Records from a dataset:
↓

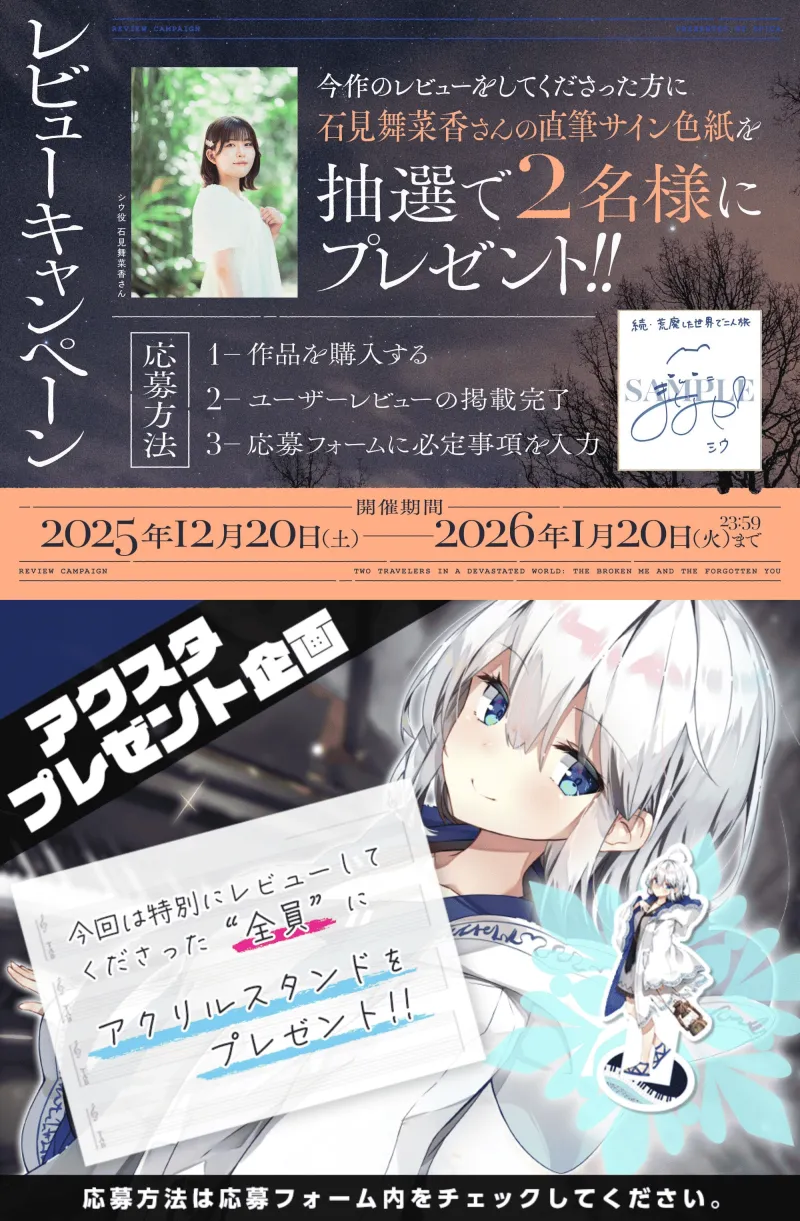 作品のレビューをしてくださった方に石見舞菜香さんの直筆サイン色紙を抽選で2名様にプレゼント!
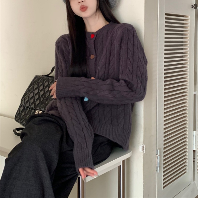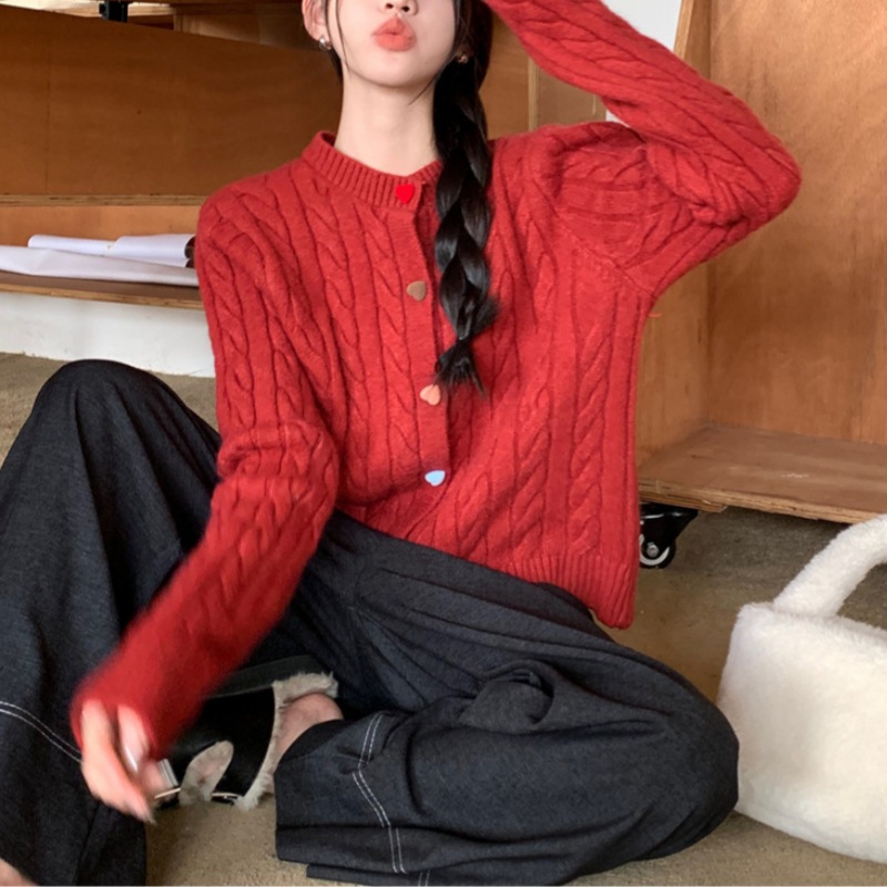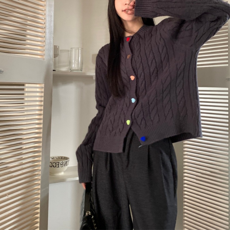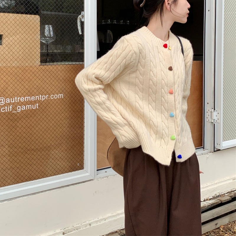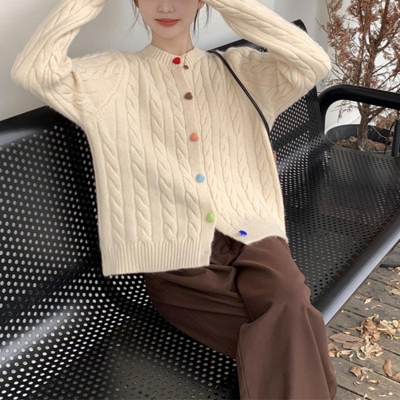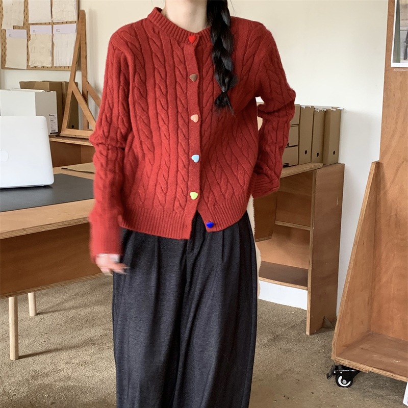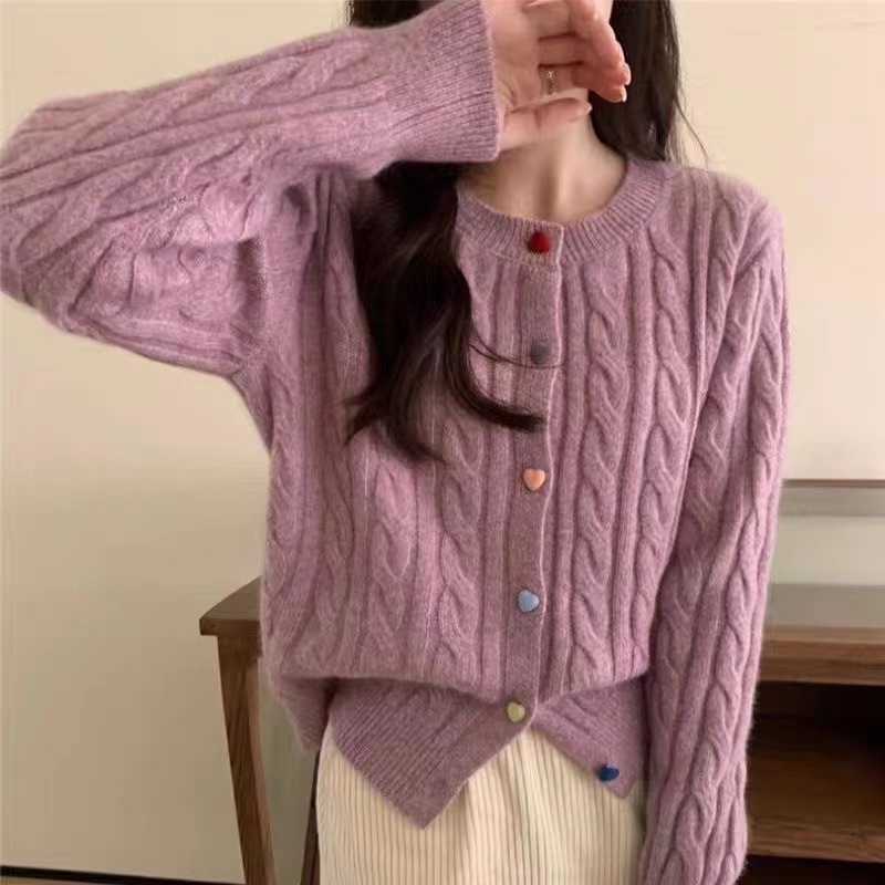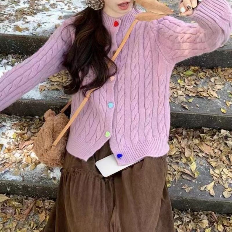 韩系2025秋冬甜美减龄爱心扣针织开衫女圆领新款百搭毛衣外套百搭
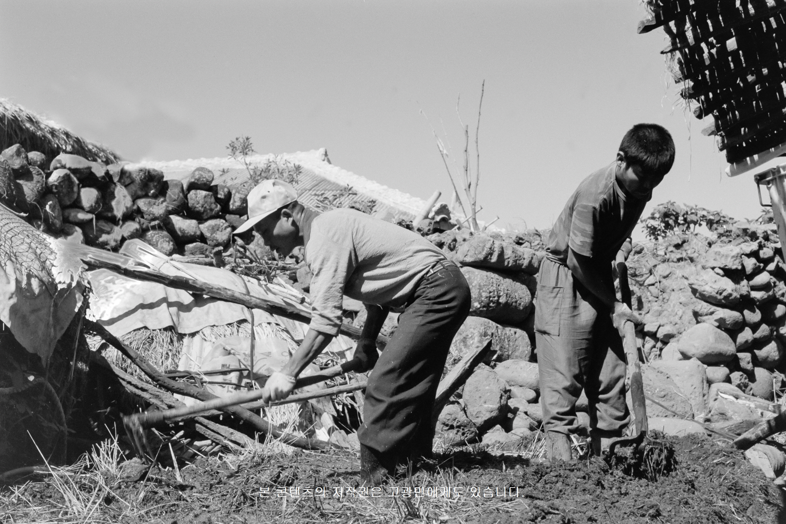 *개요 : 제주도 전통 민가를 복원하는 모습이다. 남정네 두 사람이 쇠스랑으로 초가지붕 위에 올려놓을 흙과 보릿짚을 이기고 있다.
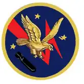 1. Approved 10 July 1943. Description: On a light blue disc, border yellow orange a red lightning bolt bendwise surmounted by a golden falcon, outlined black; three mullets gold, one in chief, one to sinister, and one to dexter, in base a black aerial bomb falling bendwise.
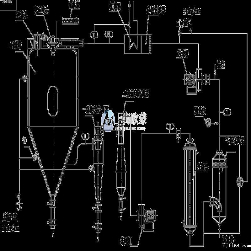 干燥机组由进风过滤系统、空气加热和热风分配器系统、干燥主塔、进料及雾化系统、高效旋风、布袋除尘器等组成。
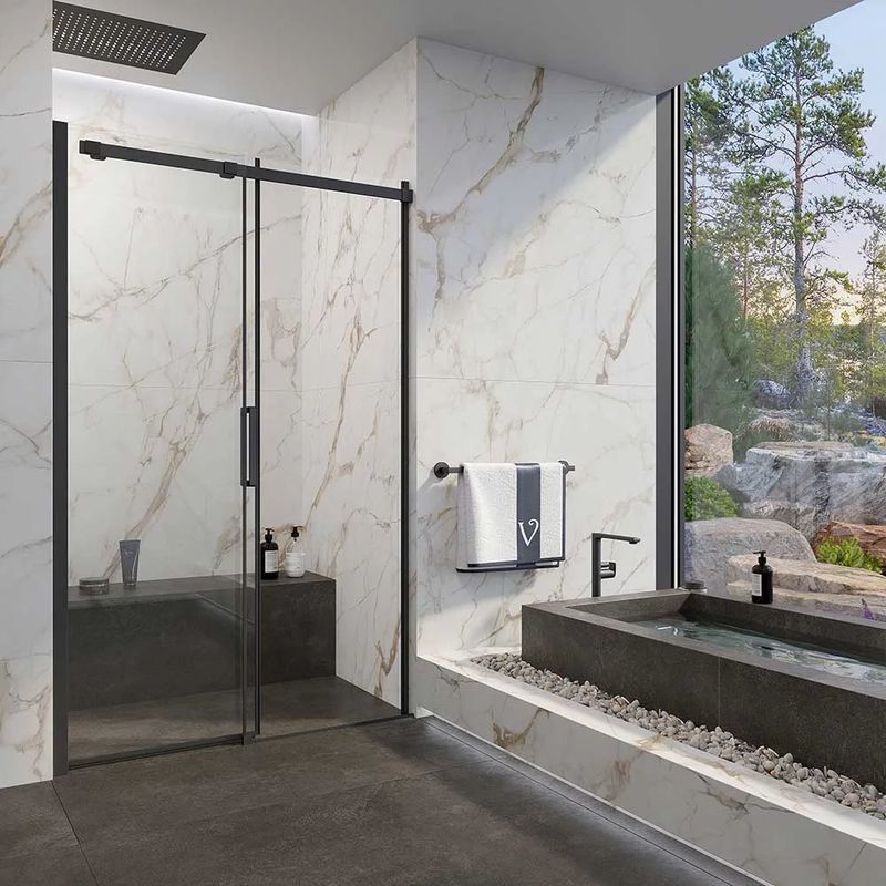 Душевая дверь Veconi Vianno VN-70, размер 150х195 см, профиль чёрный, стекло прозрачное, вход 588 мм. Габариты регулировки (1470-1500)х1950 мм.

↑

Task to complete —
Restate word for word, and only, the lines from the line that contains "보릿짚을 이기고 있다." through the end of the data, both included; pictures are not part of the copy.

Solution below —
 *개요 : 제주도 전통 민가를 복원하는 모습이다. 남정네 두 사람이 쇠스랑으로 초가지붕 위에 올려놓을 흙과 보릿짚을 이기고 있다.
 1. Approved 10 July 1943. Description: On a light blue disc, border yellow orange a red lightning bolt bendwise surmounted by a golden falcon, outlined black; three mullets gold, one in chief, one to sinister, and one to dexter, in base a black aerial bomb falling bendwise.
 干燥机组由进风过滤系统、空气加热和热风分配器系统、干燥主塔、进料及雾化系统、高效旋风、布袋除尘器等组成。
 Душевая дверь Veconi Vianno VN-70, размер 150х195 см, профиль чёрный, стекло прозрачное, вход 588 мм. Габариты регулировки (1470-1500)х1950 мм.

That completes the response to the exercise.